ANA calls for audits amid FBI media buying probe

The organization is encouraging advertisers to review its media buying history and seek legal advice.

The Association of National Advertisers (ANA) is assisting the FBI with its investigation into media buying practices, the organization has confirmed.

Members have been notified and are urged to review their media buying history and contracts.

In a letter to advertisers, ANA chief executive officer Bob Liodice suggested members should "perform audits for indications of fraud and get advice on their options."

Part of the letter reads: "The FBI contacted our outside counsel requesting the cooperation of the ANA and its membership in a criminal investigation into media buying practices underway by the FBI and the United States Attorney’s Office for the Southern District of New York.

"While we view the FBI’s investigation as important, the ANA itself cannot provide help to the FBI other than to share communication and information with our members."

It goes on to add: "The opening of a federal criminal investigation is a significant event to the industry and to the ANA members."

The ANA’s general counsel, Reed Smith’s Douglas Wood, and his partner, Steven A. Miller, have so far had limited discussions with the FBI.
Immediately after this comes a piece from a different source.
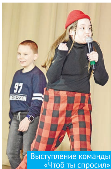
Выступление команды «Чтоб ты спросил»
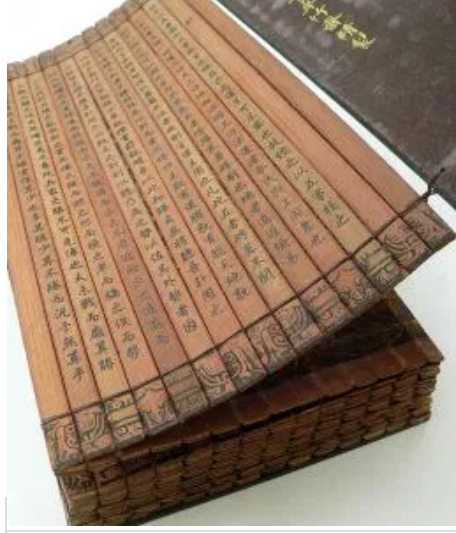
Copia de Arte de la guerra en bambú – UCR

In June, Campaign US reported it learned from multiple sources that representatives from the FBI had been contacting people with knowledge of the ad industry and asking for their help in recent months.

One source suggested the FBI is taking an interest in certain companies and the role of senior leaders in those companies.

The launch of an investigation comes in the wake of the ANA’S report by private investigators K2 Intelligence about "non-transparent" practices at U.S. media agencies in June 2016.

The report did not identify any companies by name but suggested some agency groups were receiving secret rebates from media owners and marking up the cost of ads at a profit.

Agency groups maintained that they had done nothing wrong in the wake of the ANA report.

Separately, advertisers, agencies and publishers have raised concerns about the digital media supply chain because of the rise of online ad fraud in recent years.